=== Dataset extract ===
[Start of section]
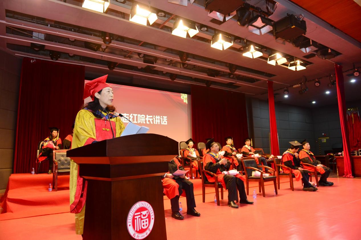 典礼伊始,在优美的交响乐《沃尔塔瓦河》的乐声中,同学们庄严并立在红地毯两侧,手捧鲜花欢迎导师们入场,并向恩师们献上自己精心挑选的鲜花。伴随着鼓舞人心的国歌声,毕业典礼暨学位授予仪式正式拉开帷幕。首先是副校长杨黄浩教授致辞,杨校长期望我们能够永葆自己的先进性,发扬“福大明德至诚,博学远志”的校训,实现“达则兼济天下”的理想,为社会和国家贡献自己的才能。第二项议程是薛禹胜院士寄语,薛老语重心长地讲述自己年轻求学的种种经历,教诲我们年轻一代要珍惜现有的大好条件,刻苦努力,不忘初心。随后,薛老亲自为毕业生汤云东博士执拨穗礼,杨校长为其颁发了博士学位证书。伴随着鲜花,学生代表在台上朗诵了一首《三月春风》,为毕业生送上了最美好的祝福。
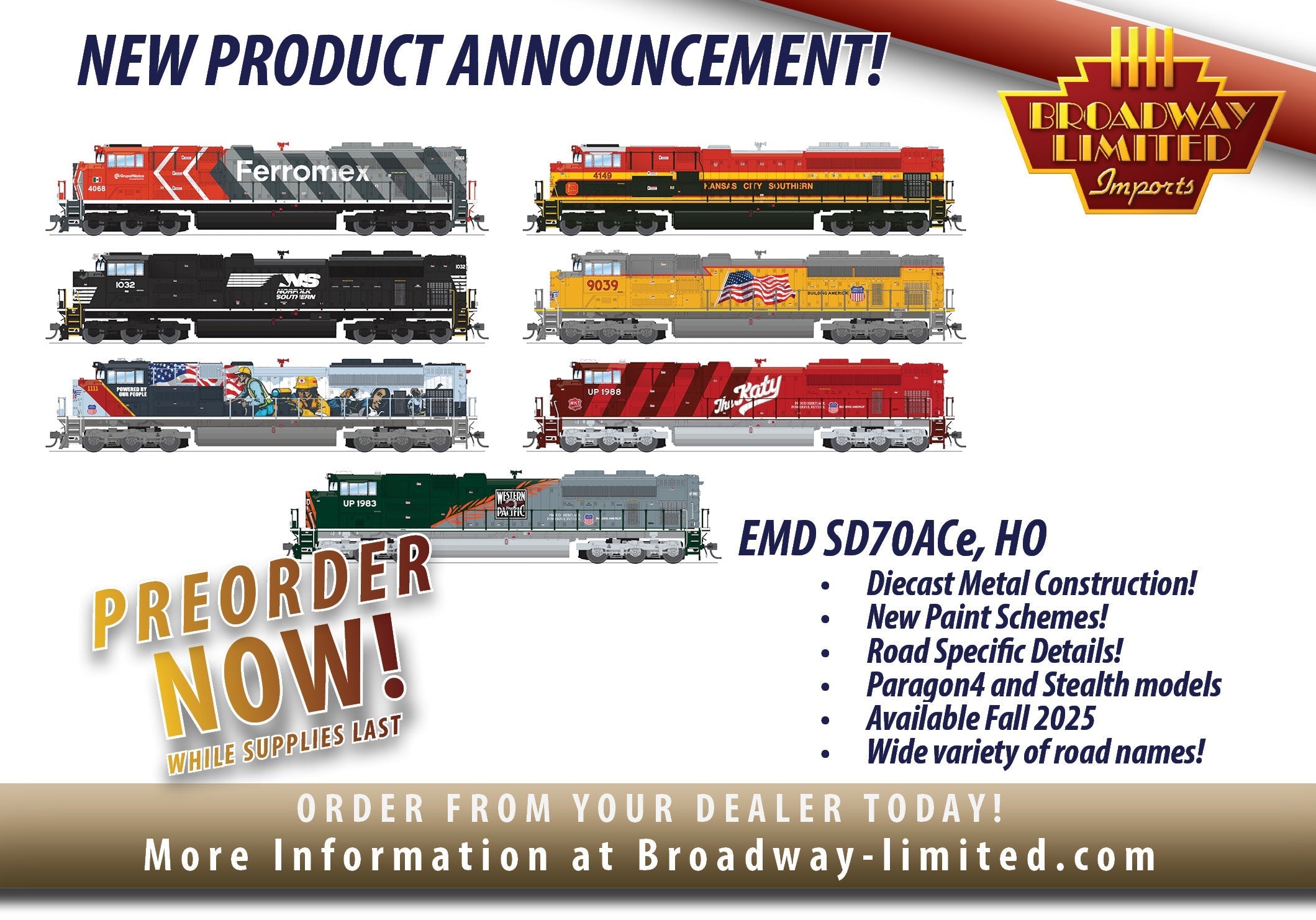 Broadway Limited is thrilled to announce a brand-new production run of our highly popular die-cast EMD SD70ACe diesel locomotive in HO scale! This latest release brings together cutting-edge perfo...
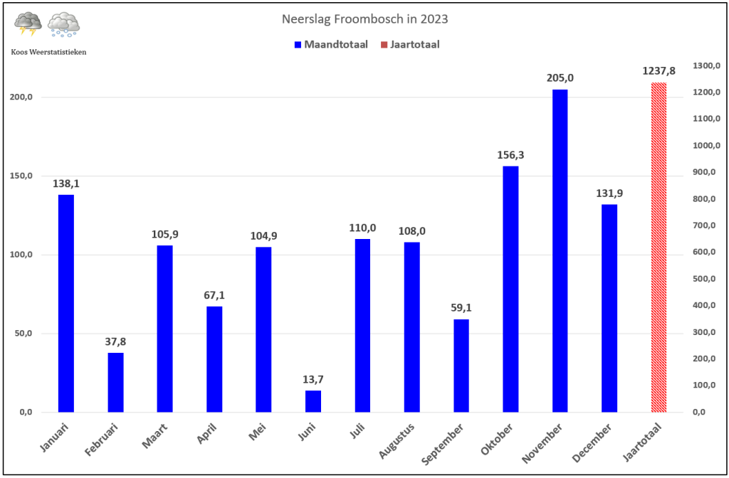 Een gedenkwaardig jaar met ruim 103 mm gemiddeld per maand.
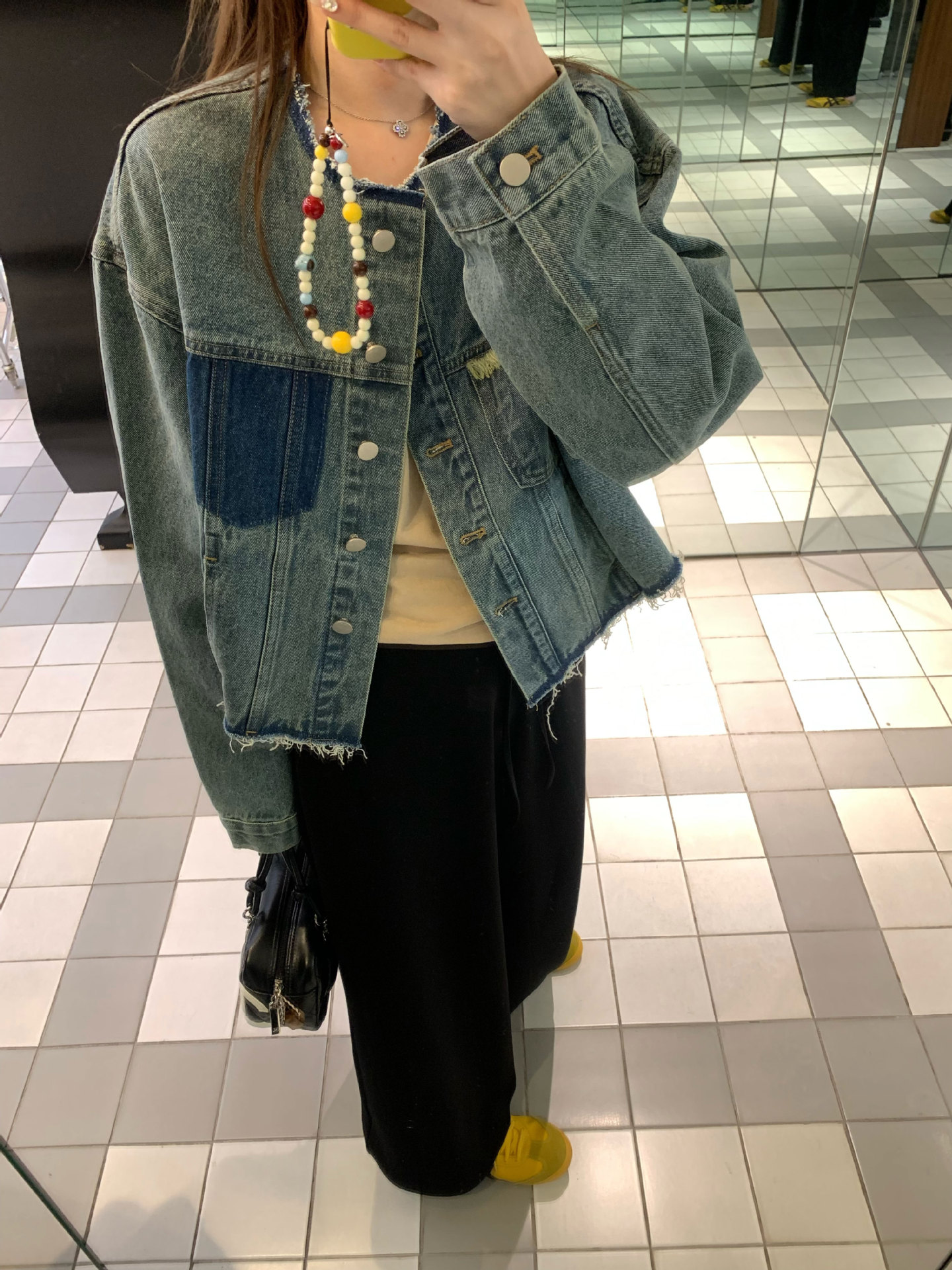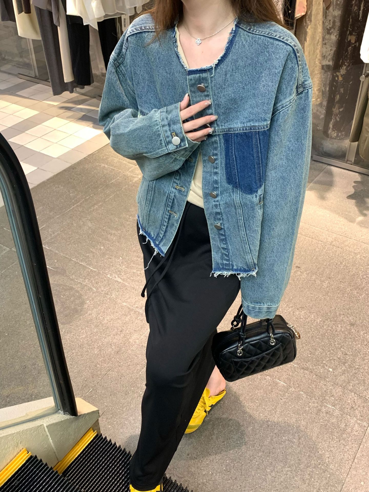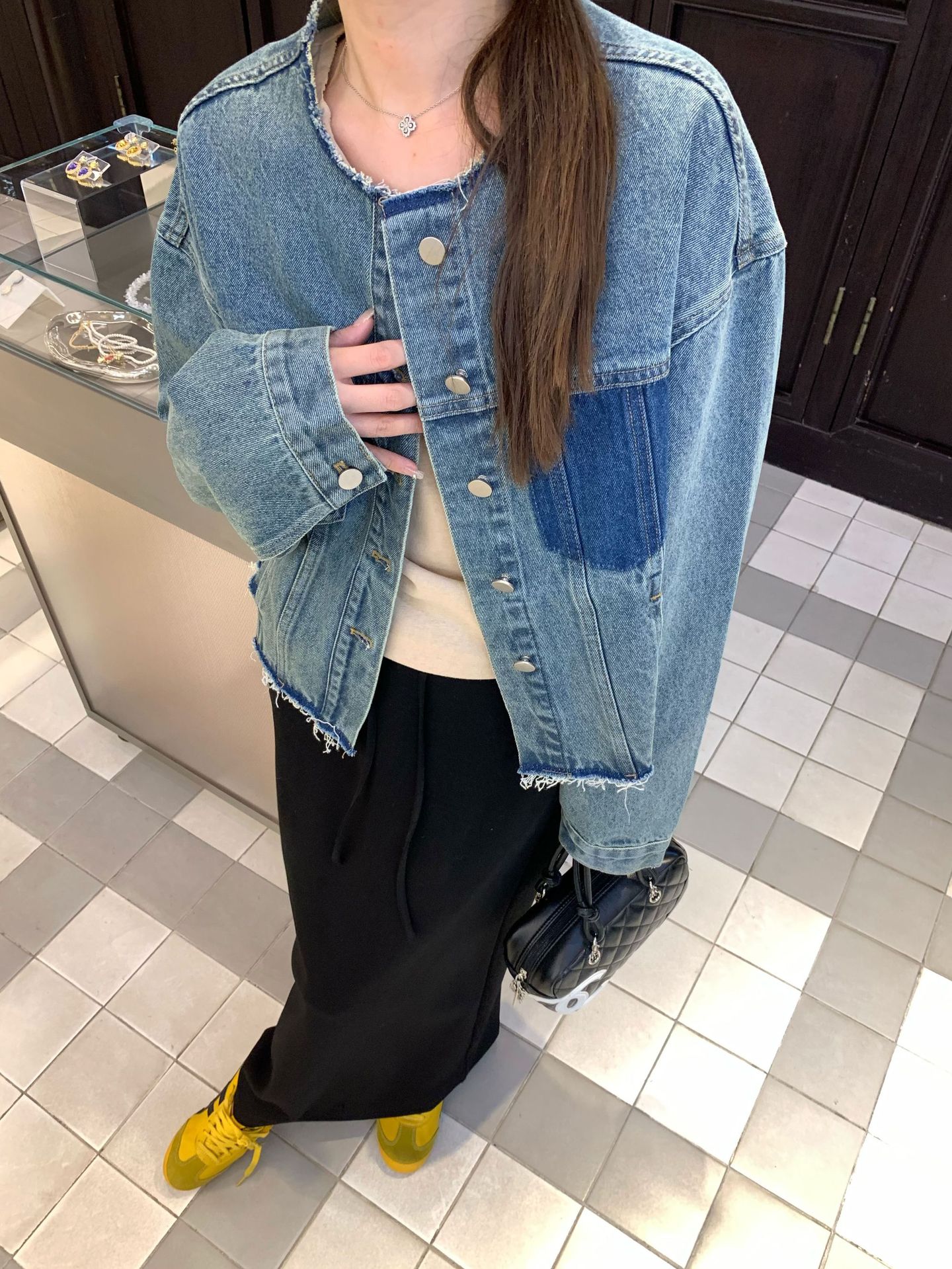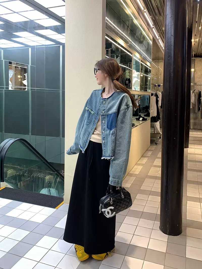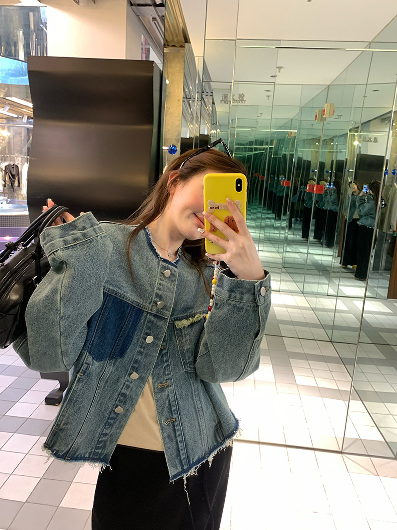 홍콩 스타일 빈티지 세련된 데님 코트 여성의 봄과 가을 세탁 오래 된 디자인 센스 루즈 술 녹 크루 넥 재킷스토어 가기
[End of section]
=== Task prompt ===
Take the line containing "Een gedenkwaardig jaar" and all lines after it to the end of the data above, and reproduce them exactly, leaving out pictures. Nothing else belongs in the copy.

=== Exercise response ===
 Een gedenkwaardig jaar met ruim 103 mm gemiddeld per maand.
 홍콩 스타일 빈티지 세련된 데님 코트 여성의 봄과 가을 세탁 오래 된 디자인 센스 루즈 술 녹 크루 넥 재킷스토어 가기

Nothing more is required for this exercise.